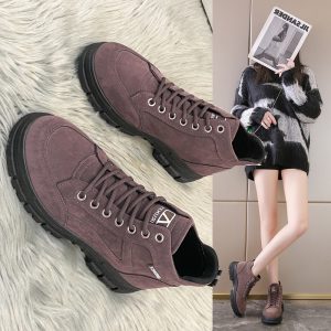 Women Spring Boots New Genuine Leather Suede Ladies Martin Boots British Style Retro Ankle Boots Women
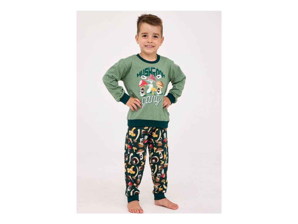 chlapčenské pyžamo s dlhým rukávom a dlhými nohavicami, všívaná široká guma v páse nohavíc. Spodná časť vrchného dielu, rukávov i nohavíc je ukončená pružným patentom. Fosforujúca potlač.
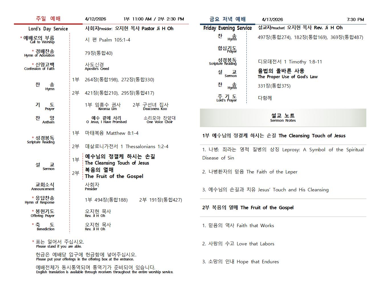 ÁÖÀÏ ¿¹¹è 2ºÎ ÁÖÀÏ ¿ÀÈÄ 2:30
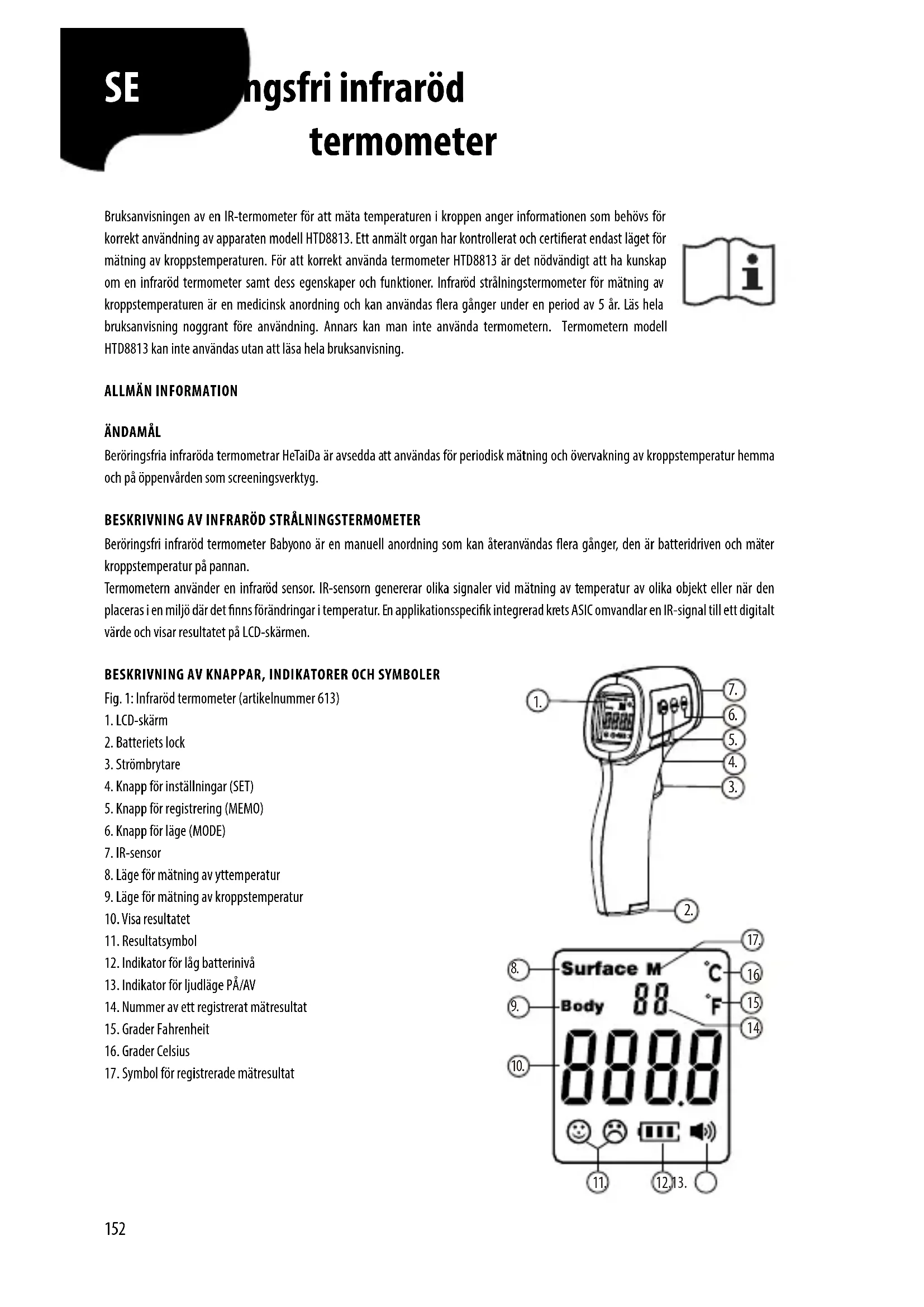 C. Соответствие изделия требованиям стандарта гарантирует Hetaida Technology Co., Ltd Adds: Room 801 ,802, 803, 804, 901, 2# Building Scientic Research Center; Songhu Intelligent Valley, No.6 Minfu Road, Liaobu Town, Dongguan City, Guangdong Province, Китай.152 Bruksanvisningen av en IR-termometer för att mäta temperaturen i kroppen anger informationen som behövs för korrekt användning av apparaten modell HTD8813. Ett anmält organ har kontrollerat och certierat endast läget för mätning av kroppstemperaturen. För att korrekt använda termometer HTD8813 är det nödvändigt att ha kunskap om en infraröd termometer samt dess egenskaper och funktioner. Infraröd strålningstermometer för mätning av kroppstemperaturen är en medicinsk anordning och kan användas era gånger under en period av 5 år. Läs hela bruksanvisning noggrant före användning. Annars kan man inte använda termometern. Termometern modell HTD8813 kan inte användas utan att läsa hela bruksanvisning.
---
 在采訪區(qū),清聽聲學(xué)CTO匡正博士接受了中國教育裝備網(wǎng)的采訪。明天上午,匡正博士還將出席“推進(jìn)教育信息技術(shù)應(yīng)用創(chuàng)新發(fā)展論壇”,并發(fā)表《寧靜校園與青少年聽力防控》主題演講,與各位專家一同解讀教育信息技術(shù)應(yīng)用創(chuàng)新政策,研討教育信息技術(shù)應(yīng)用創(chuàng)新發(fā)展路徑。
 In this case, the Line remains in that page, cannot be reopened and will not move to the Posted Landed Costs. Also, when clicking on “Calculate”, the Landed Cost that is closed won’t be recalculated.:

● Task directions
To complete this exercise, transcribe exactly the lines above from the one that holds "Women Spring Boots" through the one that holds "ÁÖÀÏ ¿¹¹è 2ºÎ ÁÖÀÏ ¿ÀÈÄ 2:30". Pictures stay out.

● Response to the exercise
 Women Spring Boots New Genuine Leather Suede Ladies Martin Boots British Style Retro Ankle Boots Women
 chlapčenské pyžamo s dlhým rukávom a dlhými nohavicami, všívaná široká guma v páse nohavíc. Spodná časť vrchného dielu, rukávov i nohavíc je ukončená pružným patentom. Fosforujúca potlač.
 ÁÖÀÏ ¿¹¹è 2ºÎ ÁÖÀÏ ¿ÀÈÄ 2:30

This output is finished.